A manifestation of unusually long-term thinking is taking form on the Arctic island of Svalbard: a “doomsday” seed bank meant to contain every kind of agricultural seed on the planet.
The high-security vault, almost half the length of a football field, will be carved into a mountain on a remote island above the Arctic Circle. If the looming fences, motion detectors and steel airlock doors are not disincentive enough for anyone hoping to breach the facility’s concrete interior, the polar bears roaming outside should help.
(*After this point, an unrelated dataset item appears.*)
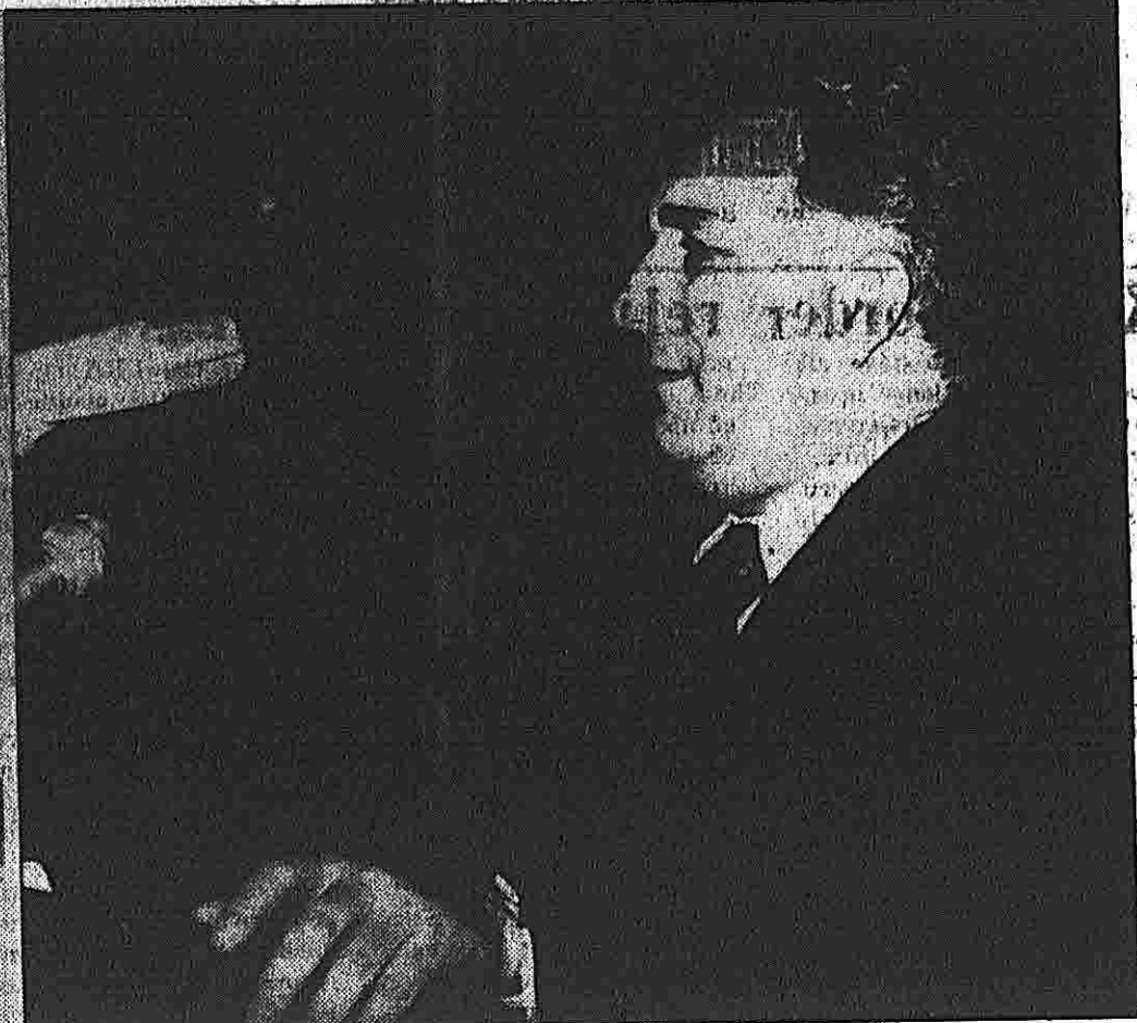
Hafizullah Amin, Secretary and Member of Politburo of the PDPA CC and First Minister addressing representatives and noble people of Maidan at the Stor Palace of Ministry of Foreign Affairs.

Given how little thought is given to a whole range of serious threats, this project is remarkably proactive:
The “doomsday vault,” as some have come to call it, is to be the ultimate backup in the event of a global catastrophe — the go-to place after an asteroid hit or nuclear or biowarfare holocaust so that, difficult as those times would be, humankind would not have to start again from scratch.
Planners even examined what is likely to happen to Svalbard if global warming picks up, and how it would fare in the event of serious cooling due to a Gulf Stream collapse.
There is a a little-known futurist movie precedent: the odd 1971 environmentalist-in-space film Silent Running (rating on FatM — it is rated 64th of 118 movies). The Earth has been transformed — it is now 75 degrees everywhere — and the last forests and flowers exist only on a small fleet of space ships in orbit near Saturn. One man is trying to preserve them for the future, and goes to extremes to do so.